SUPPLIED DATA:
= Beginning of Section =
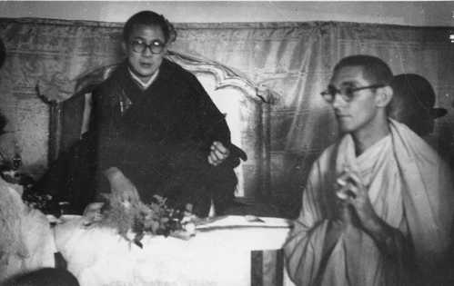 Sangharakshita & Dalai Lama, Everton Villa. May 1957
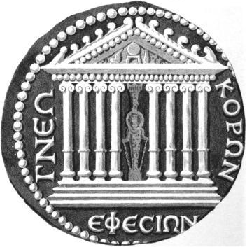 Reverse of coin of Gordianus with the temple of Artemesis at Ephesus and legend ЄΦЄCΙΩΝ·Γ·ΝЄΟΚΟΡΩΝ (of the Ephesians Neokors Three). On the reverse the legend round the head of the emperor reads ΑΥΤ·Μ·ΑΝΤ·ΓΟΡΔΙΑΝΟC (Autokrator Markos Antonios Gordianos = Imperator Marcus Antonius Gordianus).
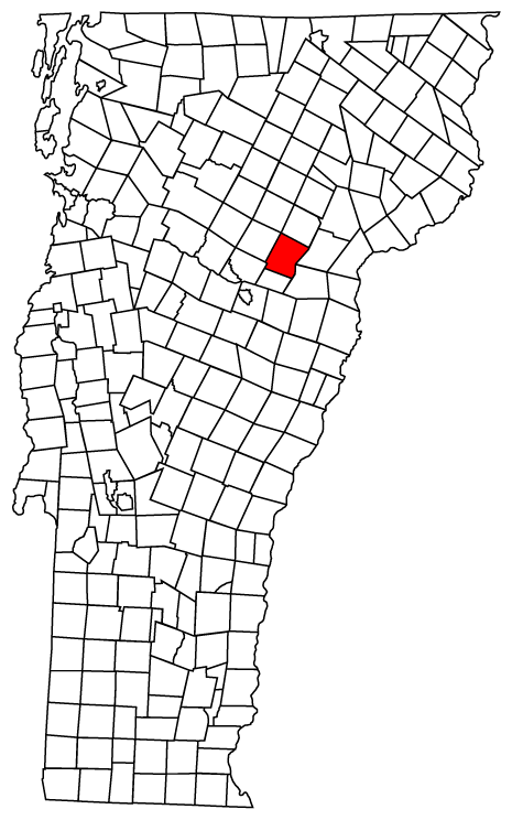 Description: Map of Vermont towns with Marshfield highlighted Source: Map created by Jared C. Benedict on 26 March 2004. Copyright: © Jared C. Benedict. Category:Marshfield, Vermont
= End of Section =
WHAT TO WORK ON: Drop the pictures, then reproduce exactly the lines from the one with "Reverse of coin" through the final line of the listing.

EXPECTED ANSWER:
 Reverse of coin of Gordianus with the temple of Artemesis at Ephesus and legend ЄΦЄCΙΩΝ·Γ·ΝЄΟΚΟΡΩΝ (of the Ephesians Neokors Three). On the reverse the legend round the head of the emperor reads ΑΥΤ·Μ·ΑΝΤ·ΓΟΡΔΙΑΝΟC (Autokrator Markos Antonios Gordianos = Imperator Marcus Antonius Gordianus).
 Description: Map of Vermont towns with Marshfield highlighted Source: Map created by Jared C. Benedict on 26 March 2004. Copyright: © Jared C. Benedict. Category:Marshfield, Vermont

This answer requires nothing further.